Coun Mair said: “It started with an infected finger. I don’t know how the infection got in there.

“I couldn’t hold any food down, then I couldn’t hold down antibiotics.

“I am a very lucky man. On November 11, there was a ceremony at the war memorial in Coningsby.

“Friends and neighbours spotted I hadn’t turned up. I was at home in bed although they didn’t know that.

“They tried to wake me up by banging on the doors.

“They ended up calling the police, who threw building bricks at the glass in my back door.

“I was away with the ‘dickie-birds’.

“The noise did arouse me. Somehow, I got myself into the kitchen and unlocked the back door.

“If that hadn’t happened, I’d have been a goner.”

A LIVES responder arrived within five minutes, followed 10 minutes later by two paramedics and an ambulance.

Coun Mair was severely de-hydrated and his blood sugar level was ‘like zero’.

He was rushed to Pilgrim Hospital, Boston and then onto the renal unit at Leicester.

He explained: “My kidneys weren’t working. They brought the dialysis machine when someone looked down and saw I was passing urine.

“I sat there thinking - ok, where is my Bible? I thought this is it. I’m going, belt and braces.”

Amazingly, Coun Mair recovered...thanks to antibiotics and what he describes as ‘brilliant medical care’.

He was in hospital for a week and a half but begged a consultant to discharge him early because his wife, who suffers from Parkinson’s, had fallen and broken her hip.

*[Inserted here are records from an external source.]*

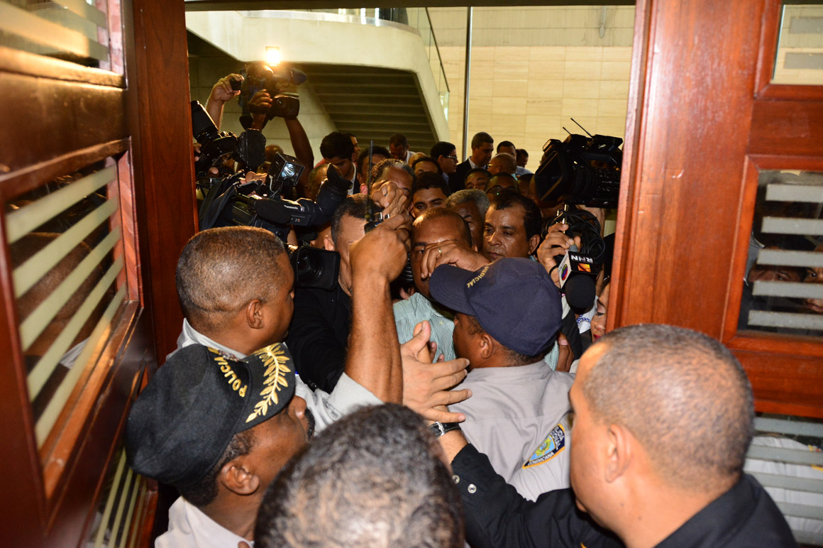 Tras golpes y empujones, la prensa pudo penetrar al lugar donde minutos más tarde de iniciada la audiencia, 10 de la mañana, ocurrió un apagón que solo afectó la sala dejando en la oscuridad los allí presente.
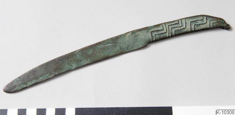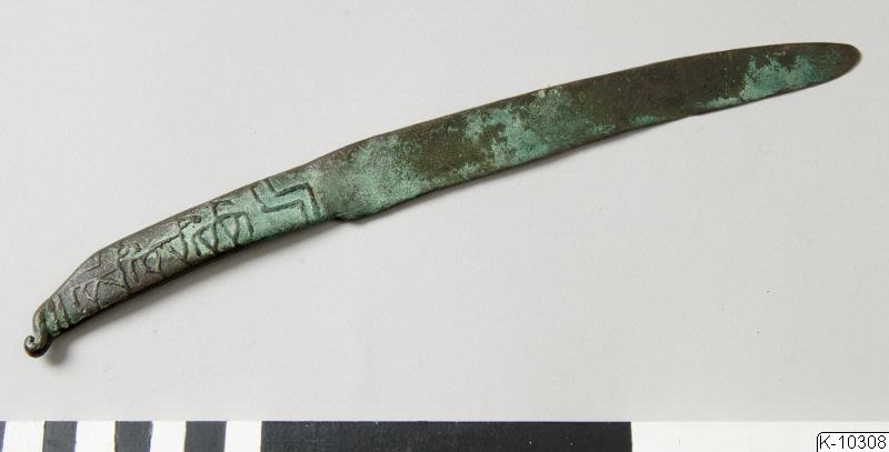 Kniv, engeggad. Djurstilen. Kniven är böjd, på ena sidan av handtaget dekorerad med tre djur, på den andra sidan ornament. Skaftet avslutas med en tillböjd hake.
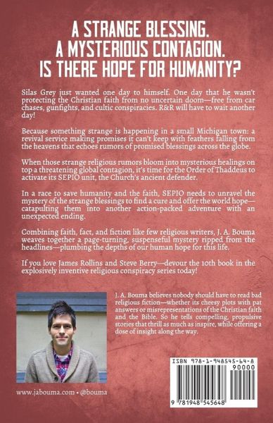 A Strange Blessing. A Mysterious Contagion. Is There Hope for Humanity? Silas Grey just wanted one day to himself. One day that he wasn't protecting the Christian faith from no uncertain doom-free from car chases, gunfights, and cultic conspiracies. R&R will have to wait another day! Because something strange is happening in a small Michigan town: a revival service making promises it can't keep with feathers falling from the heavens that echoes rumors of promised blessings across the globe. When those strange religious rumors bloom into mysterious healings on top a threatening global contagion, it's time for the Order of Thaddeus to activate its SEPIO unit, the Church's ancient defender. In a race to save humanity and the faith, SEPIO needs to unravel the mystery of the strange blessings to find a cure and offer the world hope-catapulting them into another action-packed adventure with an unexpected ending. Combining faith, fact, and fiction like few religious writers, J. A. Bouma weaves together a page-turning, suspenseful mystery ripped from the headlines-plumbing the depths of our human hope for this life. If you love James Rollins and Steve Berry-devour the 10th book in the explosively inventive religious conspiracy series today!
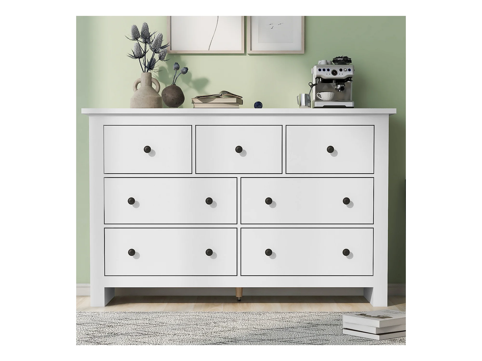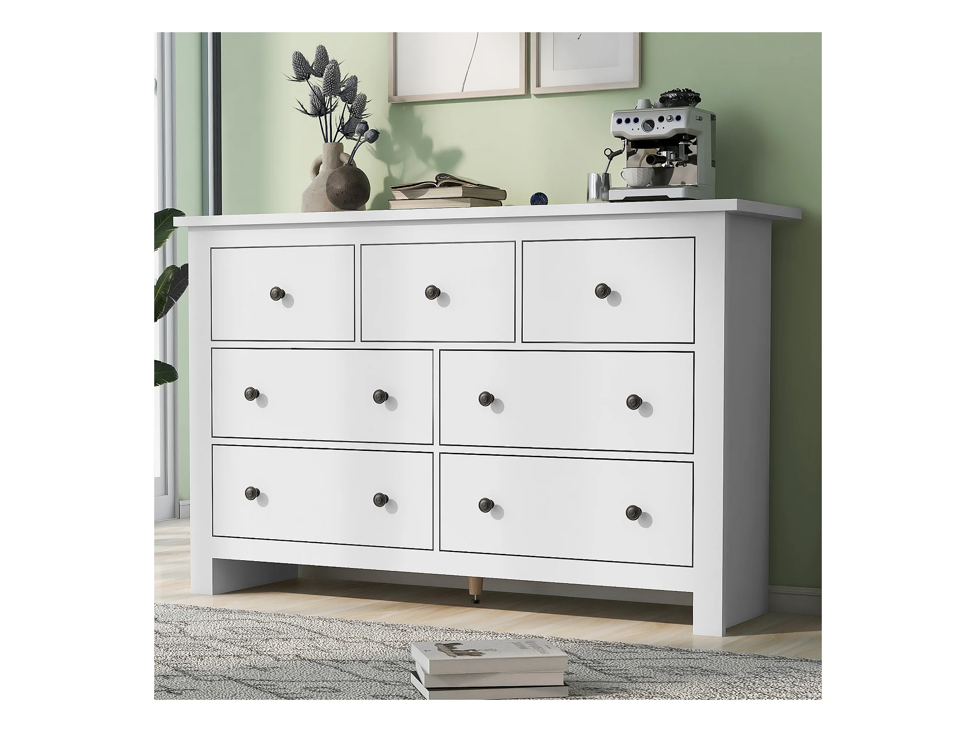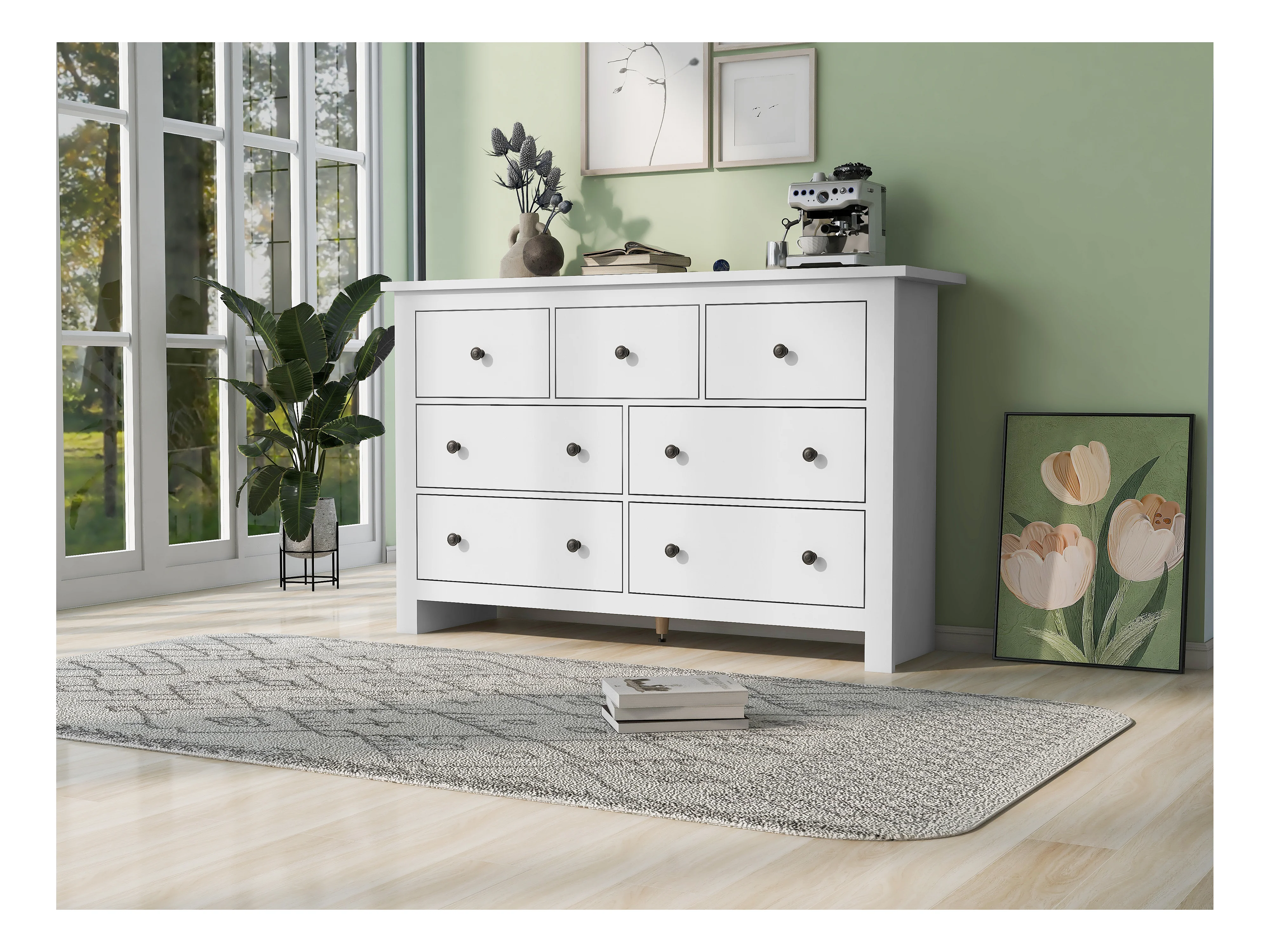 Aparador moderno de grande capacidade para sala de jantar com 7 gavetas, 152 x 40 x 88 cm, branco
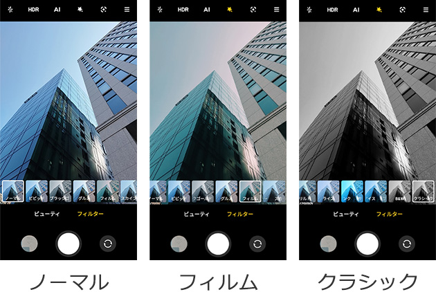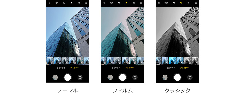 2022年4月時写真13種類、動画12穂類のフィルターを搭載。
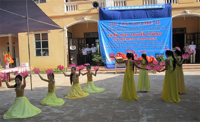 Buổi truyền thông được tổ chức kết hợp với chương trình văn nghệ và vui chơi các trò chơi dân gian của học sinh trường THCS xã Thường Thắng rất sôi nổi, sinh động.
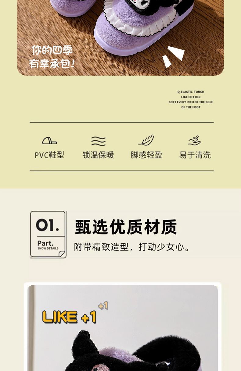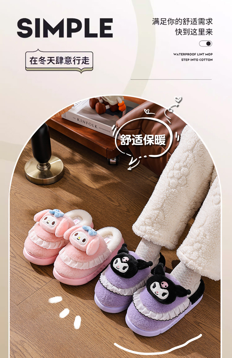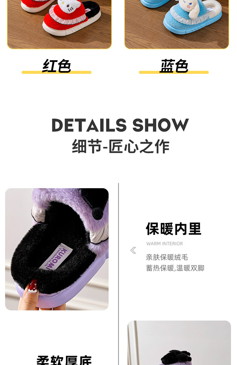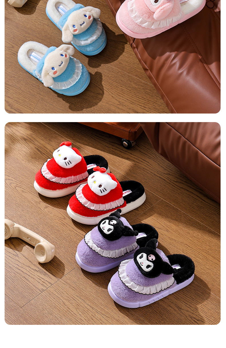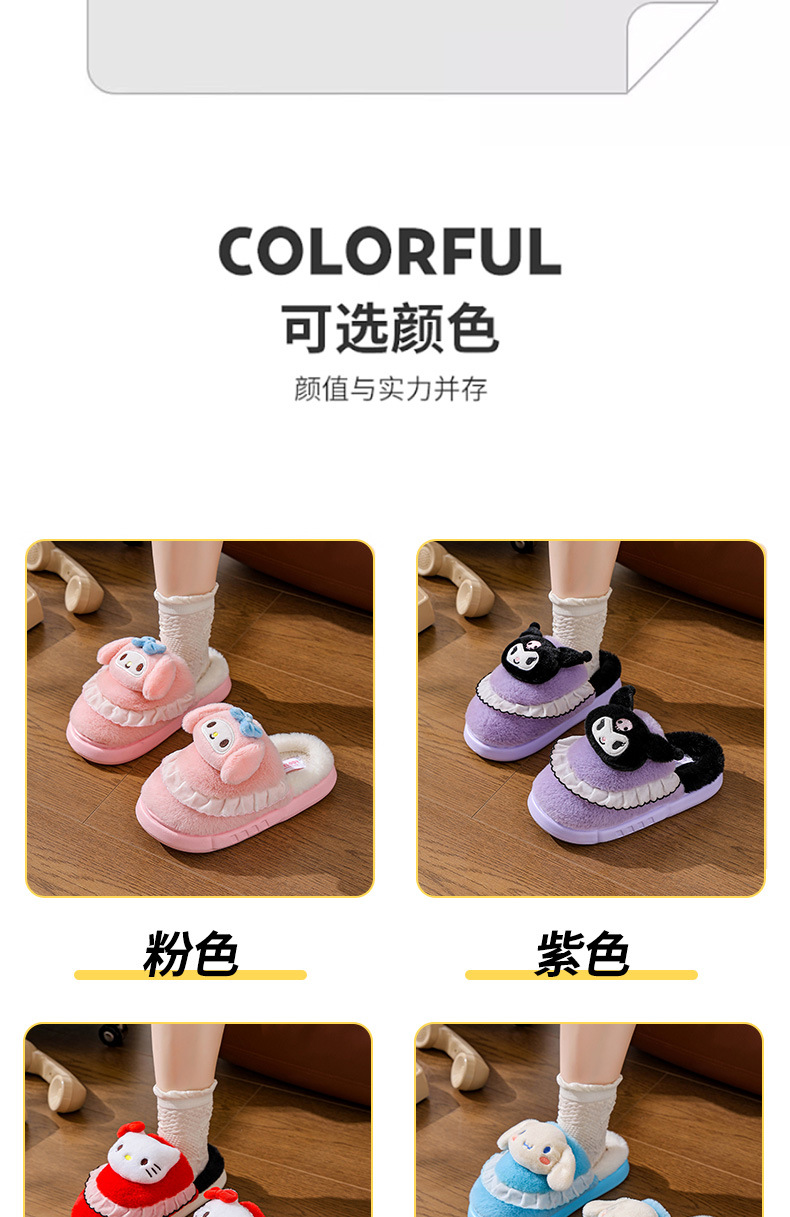 | Color | Zapatillas Colomi púrpura, zapatillas Melody rosa, zapatillas de perro de orejas azules, zapatillas de Kitty rojas, Colomi púrpura (talón de bolsa), Melody rosa (talón de bolsa), perro de orejas azules (talón de bolsa), Kitty roja (talón de bolsa) |
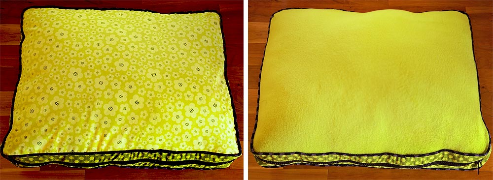 NOTE: You can simply fill up the bed with the loose polyester filling, or you can use a pillow form, or you can do what we did: stuff the filling into a large plastic bag, then insert it – bag and all – into the cover. Animals like crunchy sounds, so the crinkling of the plastic as they move around is fun for them. As a side benefit, this makes the stuffing easier to handle when you remove the cover to launder.
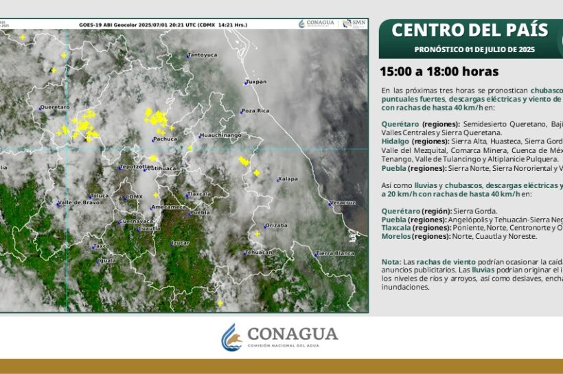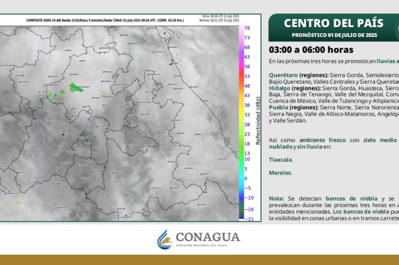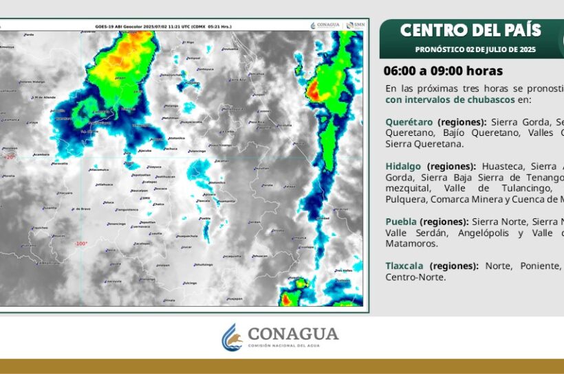 Redacción/La Noticia de Tlaxcala Tlaxcala, Tlax., 5 de julio de 2025.- La Comisión Nacional del Agua (Conagua) informó que, durante las primeras horas de este sábado, el estado de Tlaxcala presenta un ambiente fresco a templado, con cielo parcialmente nublado y sin probabilidad de lluvias. De acuerdo con el pronóstico regional para el centro del…
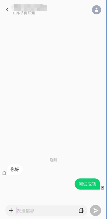3、這時,模塊可以與目標手機號所在手機進行短信通信。發送數據“你好”,我們可以看到目標手機號接收到了該數據。我們從目標手機號發送數據“測試成功”,可以看到在模塊的串口端接收到了該數據
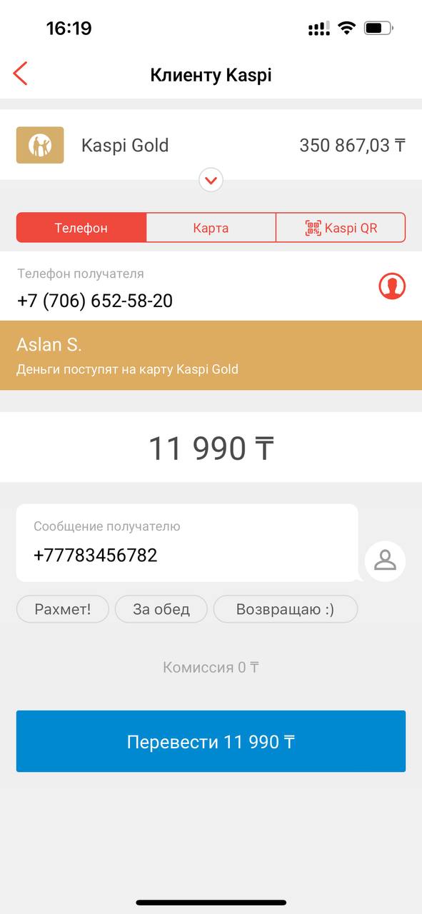 3. В графе «Телефон получателя» введите номер: +7 706 652 58 20
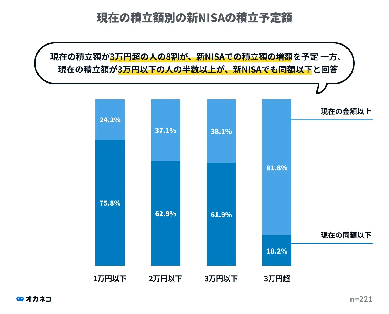 新NISAでの積立額を現在の積立額別に見ると、現在の積立額が3万円超の人の8割が、新NISAでの積立額の増額を見込んでいます。一方、現在「3万円以下」と回答した人の半数以上が新NISAでも同額と回答しており、積立額を増やす予定がありませんでした。
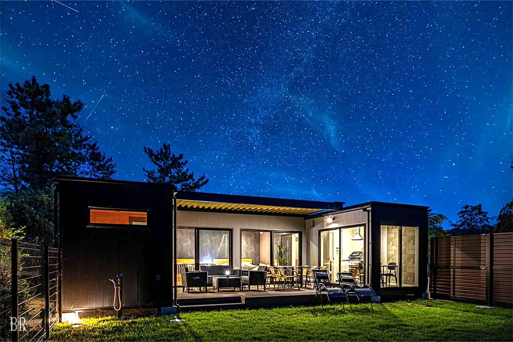こちらが完成写真です。とても美しい調和のとれた環境の出来上がりです。お施主様の今後の良い貸別荘経営に当社のユニットハウスがお役立ちできることは大変光栄です。
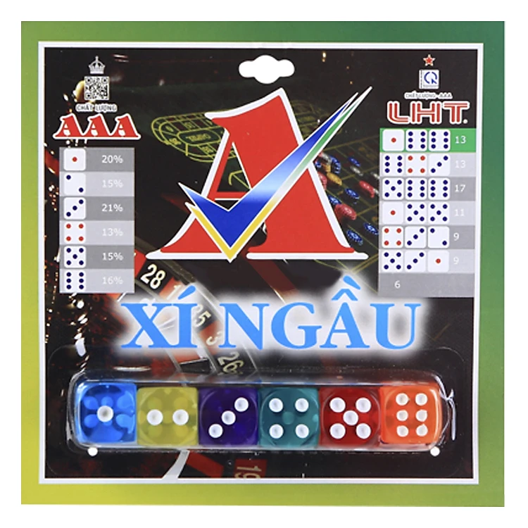 - Bộ Xí Ngầu Vỉ Màu LHT UXNVM là vật dụng không thể thiếu trong các trò chơi như lắc xí ngầu, cờ cá ngựa, cờ tỷ phú. Bộ xí ngầu đáp ứng được nhiều mục đích khác nhau. Bạn có thể ngẫu hứng tạo ra bất kì trò chơi tính điểm nào với 1 viên xí ngầu.
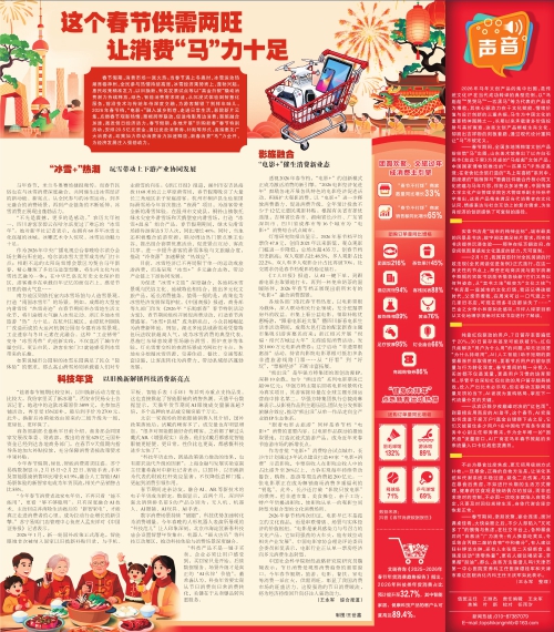 |  春节假期,消费市场一派火热。当春节遇上冬奥时,冰雪运动热潮席卷神州,全民参与热情持续高涨,冰雪经济乘势而上、蓬勃兴起。惠民政策精准发力,以旧换新、有奖发票试点等以“真金白银”撬动消费潜力持续释放,绿色、智能消费需求旺盛,从沉浸式体验到智慧化服务,前沿技术与传统年俗深度交融,为游客解锁了别样年味儿。2026年春节档,“电影+”融入城乡街巷、走进日常生活,影院新片云集,点燃春节观影热情;票根跨界联动,促进电影周边消费;影旅融合加速,激发假日经济活力。春节假期,各地开展“乐购新春”春节特别活动,安排20.5亿元资金,通过发放消费券、补贴等形式,直接惠及广大消费者,政策加力带动消费活力加速释放。新春消费“马”力全开,为经济发展注入强劲动力。
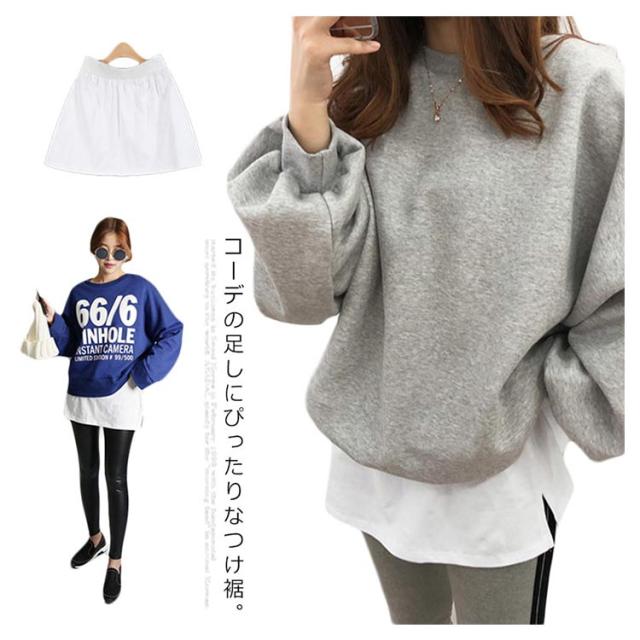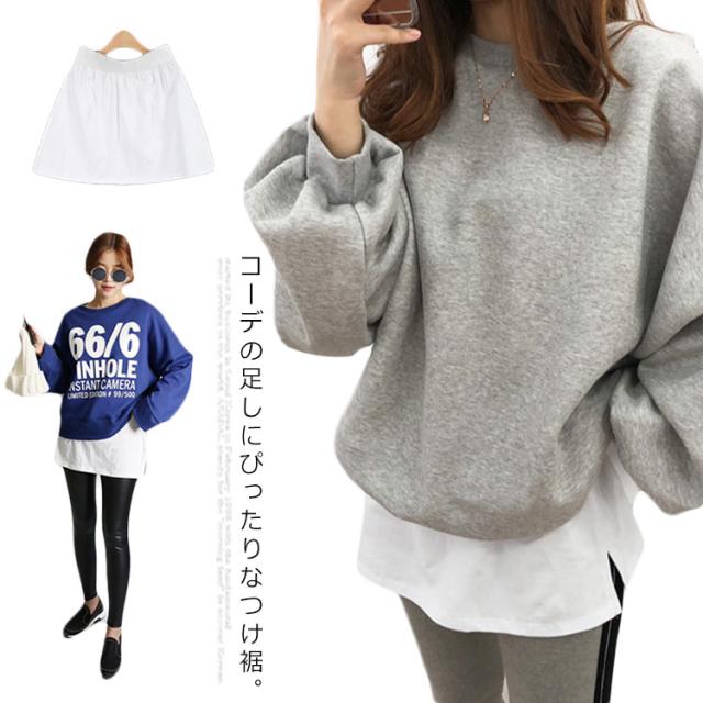 送料無料 パーカーに不可欠な味方!付け裾 つけ裾 重ね着風 レイヤード風 スリット付け裾 カットソー素材 スリット レイヤード カジュアル 体型カバー ホワイト 白 秋 冬 春

Coun Mair added: “I told the consultant I knew I was in trouble but my wife was in even bigger trouble. I had to be with her.

“Fortunately, he (the consultant) agreed.”

Sepsis had left Coun Mair with massive swellings on his right knee and elbow but he was ‘just mobile enough’ to be discharged.

Almost two months on and he has made a full recovery.

He added: “I owe such a lot to so many people. We hear so many reports knocking the NHS but the care I received from start to finish has been outstanding. They have given me a second chance.”